● Action item:
Below are lines of records; copy exactly those from the one containing "5月24日在CPVT展台,华" through the one containing "Womens V Neck", leaving the pictures behind.

● Data for this exercise:
================
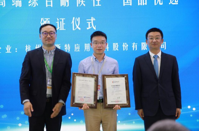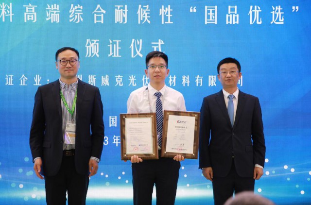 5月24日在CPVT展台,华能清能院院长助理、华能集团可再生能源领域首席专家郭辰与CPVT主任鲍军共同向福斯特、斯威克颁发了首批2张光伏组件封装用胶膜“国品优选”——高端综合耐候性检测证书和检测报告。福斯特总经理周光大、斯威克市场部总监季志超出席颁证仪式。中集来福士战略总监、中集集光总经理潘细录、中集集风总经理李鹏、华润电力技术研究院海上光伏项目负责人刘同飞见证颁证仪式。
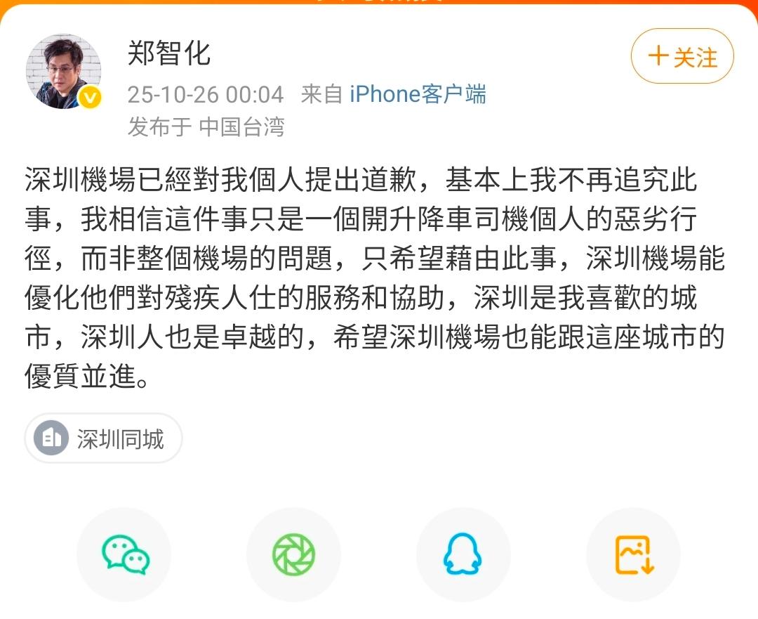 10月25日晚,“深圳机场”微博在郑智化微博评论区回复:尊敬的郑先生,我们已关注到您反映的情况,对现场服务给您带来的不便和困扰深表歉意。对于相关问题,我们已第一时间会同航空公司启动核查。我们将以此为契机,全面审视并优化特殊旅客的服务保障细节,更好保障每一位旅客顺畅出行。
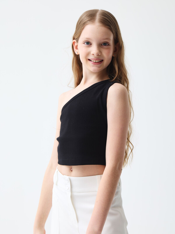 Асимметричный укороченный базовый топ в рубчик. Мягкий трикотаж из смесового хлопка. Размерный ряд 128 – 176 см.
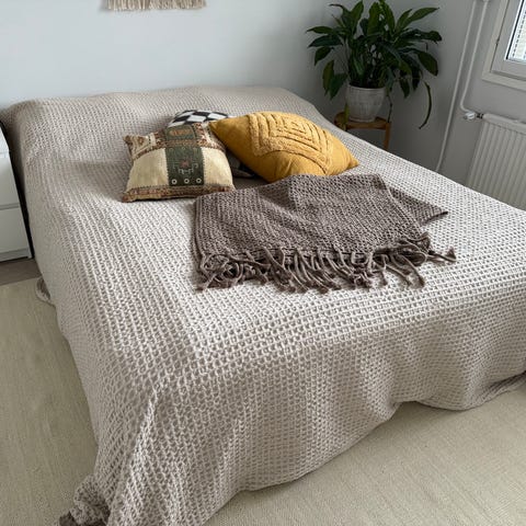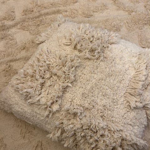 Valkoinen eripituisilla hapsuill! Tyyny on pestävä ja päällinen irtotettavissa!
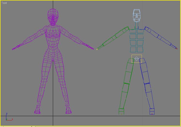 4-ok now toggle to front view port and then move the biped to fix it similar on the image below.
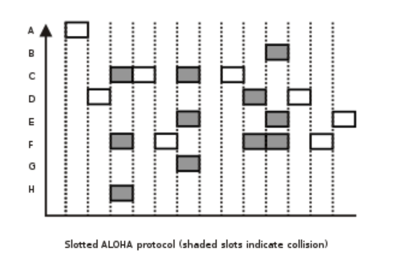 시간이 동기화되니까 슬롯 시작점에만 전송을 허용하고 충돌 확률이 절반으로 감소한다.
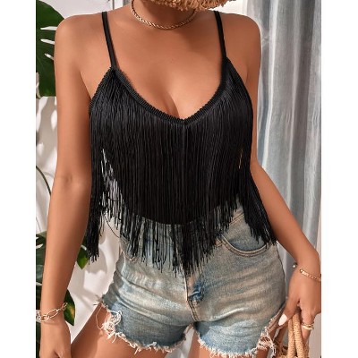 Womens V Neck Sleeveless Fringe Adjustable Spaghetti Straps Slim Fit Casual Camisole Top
================
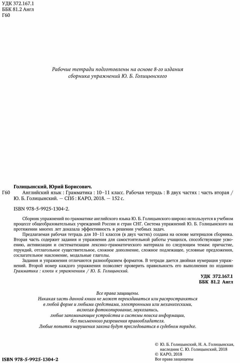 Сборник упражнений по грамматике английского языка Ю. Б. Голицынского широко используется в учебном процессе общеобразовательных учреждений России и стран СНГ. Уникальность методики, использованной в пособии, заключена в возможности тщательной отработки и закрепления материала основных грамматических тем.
================
● Response to the exercise:
 5月24日在CPVT展台,华能清能院院长助理、华能集团可再生能源领域首席专家郭辰与CPVT主任鲍军共同向福斯特、斯威克颁发了首批2张光伏组件封装用胶膜“国品优选”——高端综合耐候性检测证书和检测报告。福斯特总经理周光大、斯威克市场部总监季志超出席颁证仪式。中集来福士战略总监、中集集光总经理潘细录、中集集风总经理李鹏、华润电力技术研究院海上光伏项目负责人刘同飞见证颁证仪式。
 10月25日晚,“深圳机场”微博在郑智化微博评论区回复:尊敬的郑先生,我们已关注到您反映的情况,对现场服务给您带来的不便和困扰深表歉意。对于相关问题,我们已第一时间会同航空公司启动核查。我们将以此为契机,全面审视并优化特殊旅客的服务保障细节,更好保障每一位旅客顺畅出行。
 Асимметричный укороченный базовый топ в рубчик. Мягкий трикотаж из смесового хлопка. Размерный ряд 128 – 176 см.
 Valkoinen eripituisilla hapsuill! Tyyny on pestävä ja päällinen irtotettavissa!
 4-ok now toggle to front view port and then move the biped to fix it similar on the image below.
 시간이 동기화되니까 슬롯 시작점에만 전송을 허용하고 충돌 확률이 절반으로 감소한다.
 Womens V Neck Sleeveless Fringe Adjustable Spaghetti Straps Slim Fit Casual Camisole Top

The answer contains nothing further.